So what is the disagreement? The Bible in Genesis 1:12 (NASB 1995) says, “The earth brought forth vegetation, plants yielding seed after their kind, and trees bearing fruit with seed in them, after their kind . . .” Genesis 1:24 says, “Let the earth bring forth living creatures after their kind: cattle and creeping things and beasts of the earth after their kind." Thus, the Bible clearly teaches that the earth [i.e., non-living material] produced both plants and animal life. That sure sounds like abiogenesis to me.

If you are objecting because “atheist” scientists (as well as scientists who happen to be agnostic and scientists who happen to be theistic and even Bible-affirming Christians) don’t happen to mention God in science textbooks and peer-reviewed journal articles, then you are simply confusing ultimate and proximate causation.

The chemical elements of the planet (as in soil, water, air, and even “the dust of the ground”) combining at some time in the past to form the first living organisms is simply a summary of the proximate cause. Whether or not God was the ultimate cause is a different philosophical and theological question, not a scientific question. The ultimate cause is not a scientific question because there is no way under the scientific method to subject deities (or anything which is not a part of the matter-energy universe) to scientific testing and verification. So there is no reason for scientists (whatever their personal beliefs or non-beliefs about God) to mention God when publishing their scientific research.

Science is not synonymous with philosophy. (It is a small subset of philosophy which arose as natural philosophy and eventually evolved into what became known as modern science.) I think you are confusing the two.

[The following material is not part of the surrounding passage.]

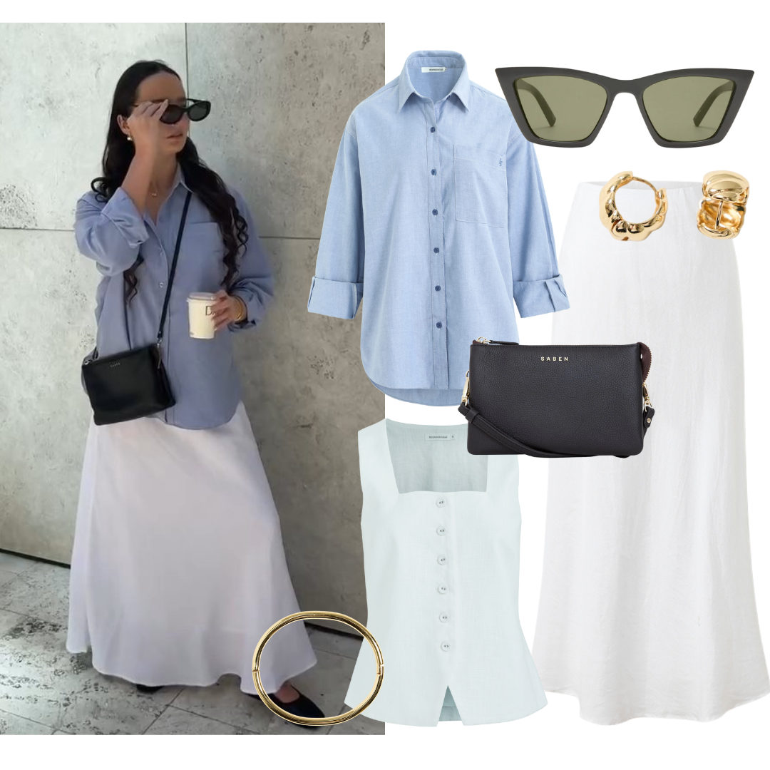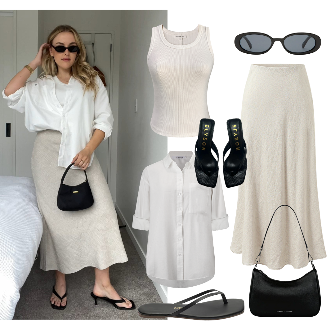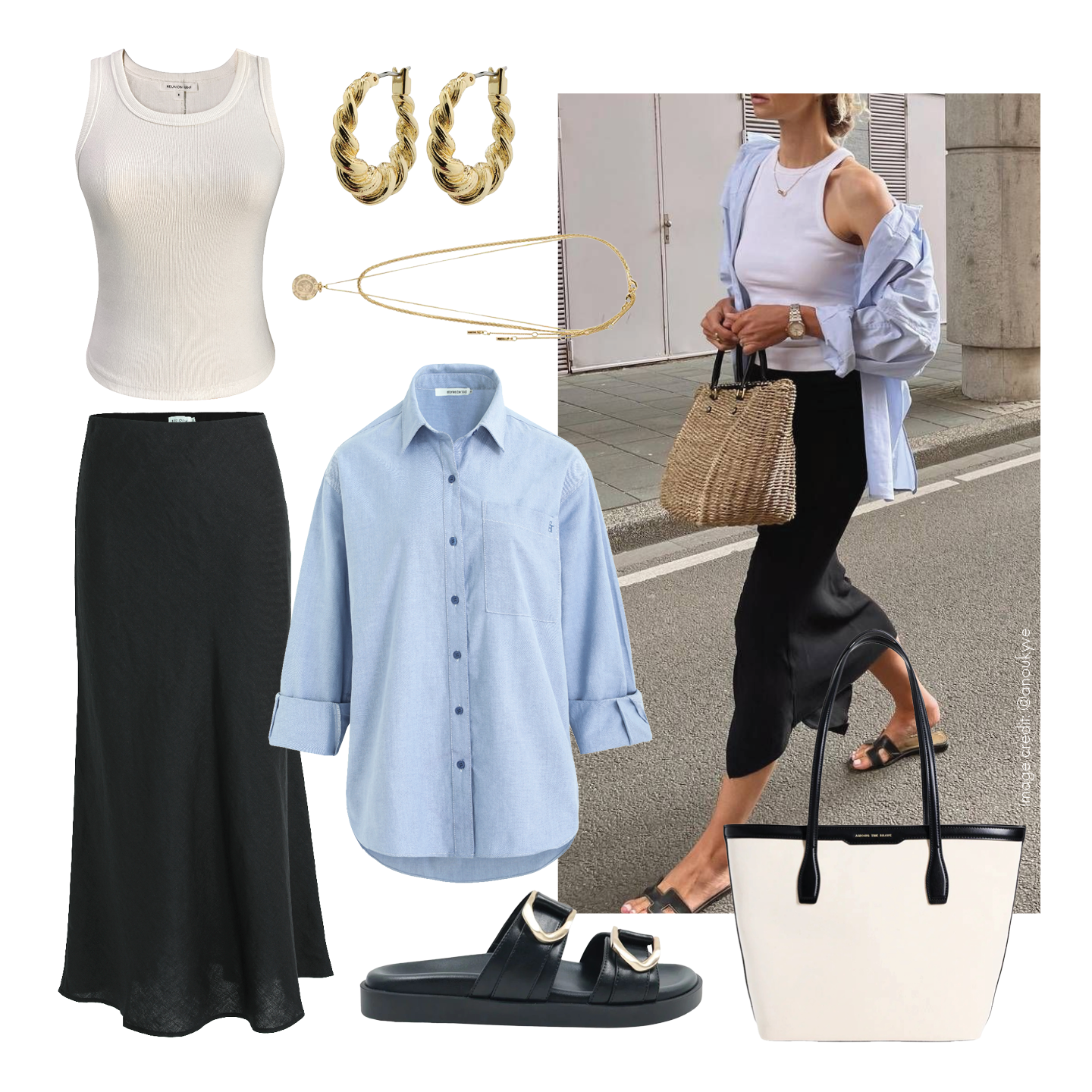This look is your go-to for coffee runs, long walks, or casual catch-ups that still deserve a stylish moment. A classic tank and midi skirt lay the foundation, while an oversized shirt adds that relaxed cool-girl vibe. Finished with gold details, comfy-chic sandals, and a monochrome tote, this outfit proves basics are anything but boring.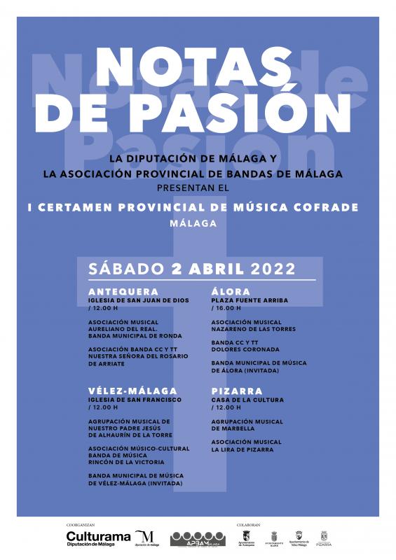 El próximo sábado, 2 de abril, se celebrará el I Certamen Provincial de Música Cofrade ‘Notas de Pasión’. Un encuentro, organizado por la Diputación de Málaga y la Asociación Provincial de Bandas de Málaga (APBAM), que cuenta con la colaboración de los ayuntamientos de Álora, Antequera, Pizarra y Vélez-Málaga.

Speaking for myself, I have no problems believing that God could create a universe where abiogenesis processes produced the first living organisms—just as Genesis 1 describes. So I have no beef with “atheist scientists” or anybody else who is trying to understand those proximate causes which, no doubt, involved the laws of chemistry and physics. Only a weak deity would be incapable of creating a universe which inevitably produced living things through natural processes, aka abiogenesis.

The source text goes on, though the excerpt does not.